Revenues Surpass Bullish Expectations
In fact, Q4 revenues surpassed Craig-Hallums’ prior forecast, with net sales jumping 10% y/y to $18.5M, well higher than its $17.3M estimate. Growth came from the right places, driven
by better-than-expected increases in Winc’s direct-to-consumer channel. In addition, the report was impressed by WBEV’s core brands delivering 47% growth in case volume sold in 2021, as well as the number of retail accounts carrying Winc’s brands in the wholesale channel up roughly 115% y/y to nearly 17,000.

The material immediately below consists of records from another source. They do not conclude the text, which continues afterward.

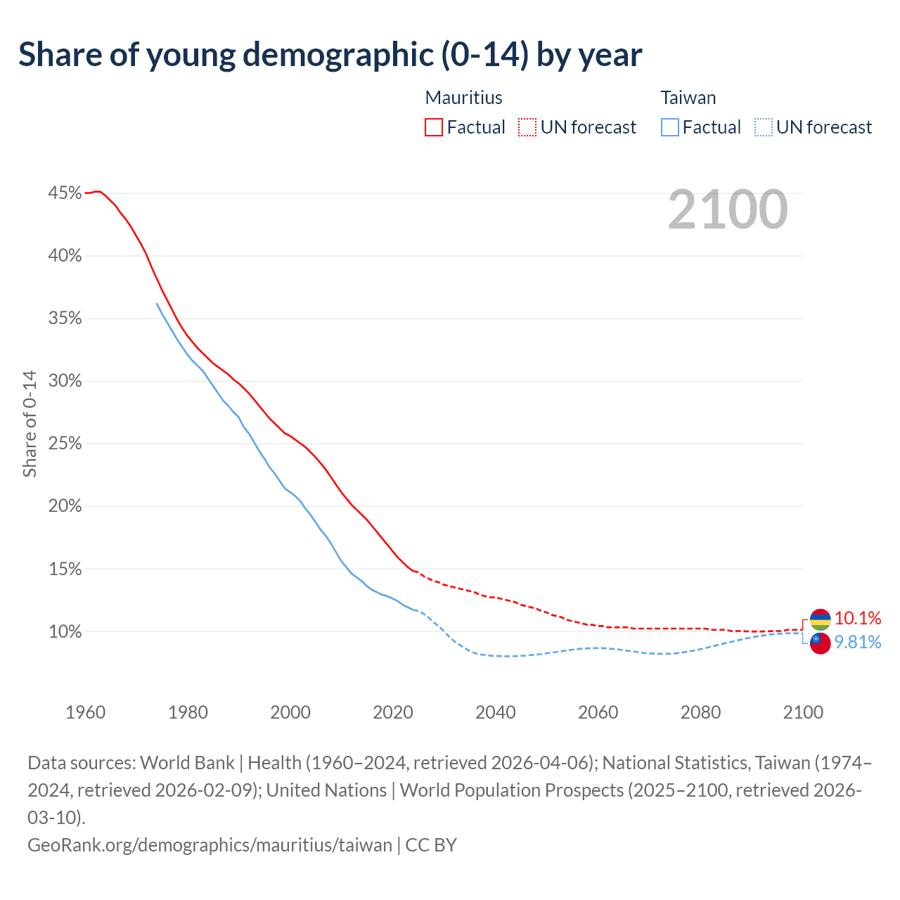 - The share of young demographic (0-15 years old) in Mauritius is 14.8% vs 11.7% in Taiwan.
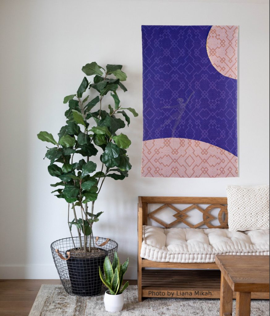 Ripustus: Teoksessa on puinen tanko teoksen yläreunassa ja helmassa. Yläreunan tangossa on silmukat ripustamista varten molemmissa päissä.
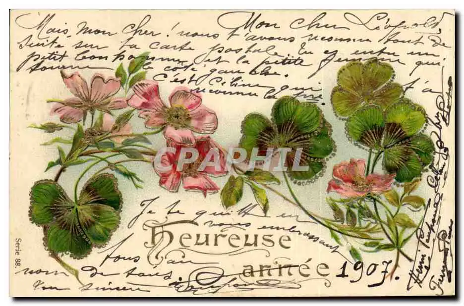 Cartes postales Fantaisie Fleurs Trefles
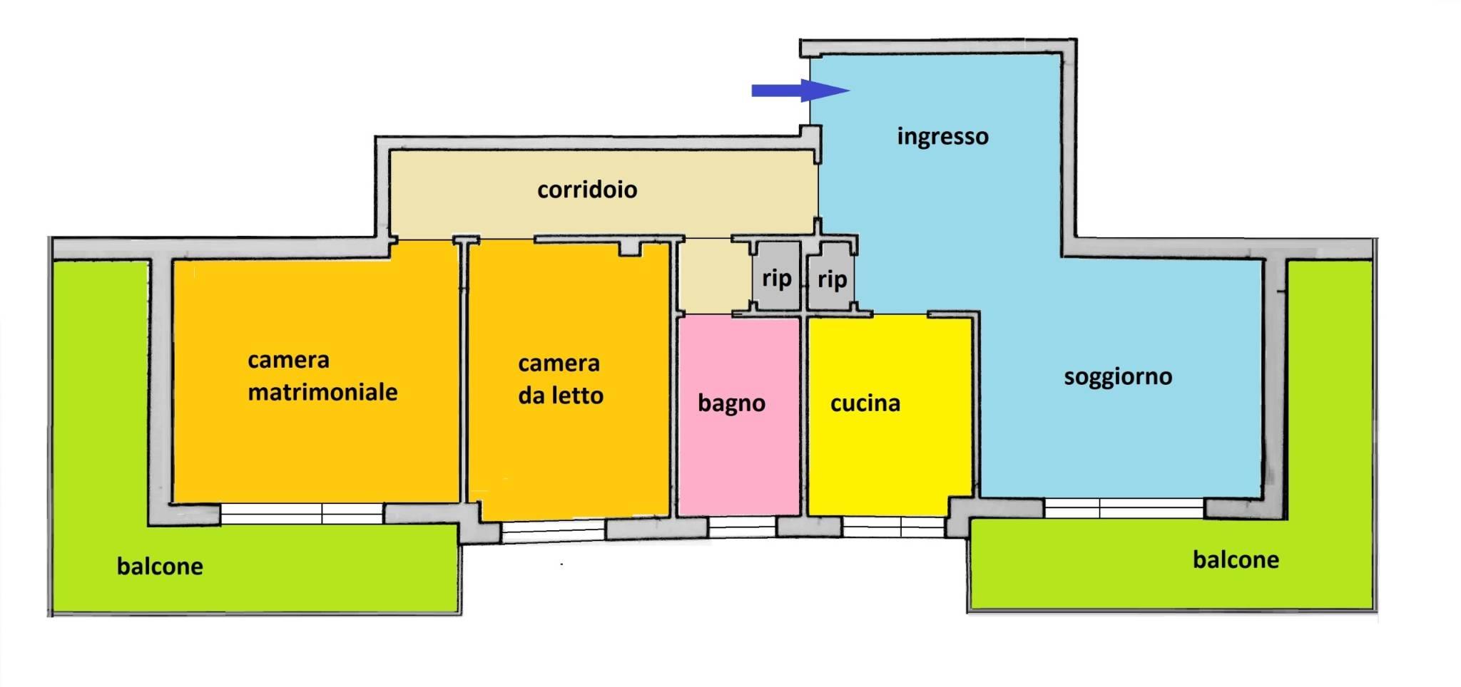 È composto da un salone doppio con accesso al primo terrazzo, cucina semi abitabile, disimpegno, 2 ripostigli, corridoio, due camere da letto matrimoniali di cui una con accesso al secondo terrazzo ed un comodo bagno con finestra e doccia.

The combination of positive operational performance and substantial progress made to maximize opportunities in its wholesale distribution channel also led the analyst to suggest that the stock represents an attractive risk/reward at current levels. In fact, he noted that at just 0.6x CY22 EV/sales, the market is missing this opportunity and is valuing Winc as if it were just another wine subscription business. Because of that, he noted that shares are valued as a kind of “free option” on its high growth wholesale business at current levels. He may be right.
Digging deeper, WBEV’s five core brands grew 47% y/y in 2021, and cases sold surged by 167,000, up nearly 50% y/y in 2021. The even better news is that its core brands, led by Summer Water, have significant runway ahead of them and have higher gross margins than the company average. Hallum expects these core brands to continue to scale and increase as a percentage of total company sales.
Models For $13 PT
More good news, despite direct-to-consumer revenue falling by 1% y/y to $14.4M, it was still well ahead of its prior estimate of $12.4M. Moreover, revenue for the wholesale segment was up 152% y/y to $3.9M, which despite being below Hallum’s estimate of $4.4M, was still impressive, facing off against an extraordinary comp. Gross margin, however, was strong, with WBEV’s DTC segment posting margins of 27.5%, up from 13.3% last year. Here’s where it gets better.
According to its report, valuation is compelling at 0.6x CY22 EV/sales. At 0.6x EV/sales, they said the market ignores the early signs that Winc is on the verge of profitably scaling its wholesale business. Moreover, its $13 price target is based on 2.5x CY22 EV/sales, a discount to peers at 5.1x. This discount reflects that Winc is not yet profitable; however, they believe that Winc’s rapidly growing wholesale business has the company well-positioned to scale into its long-term target of adjusted EBITDA margins of 15-20%.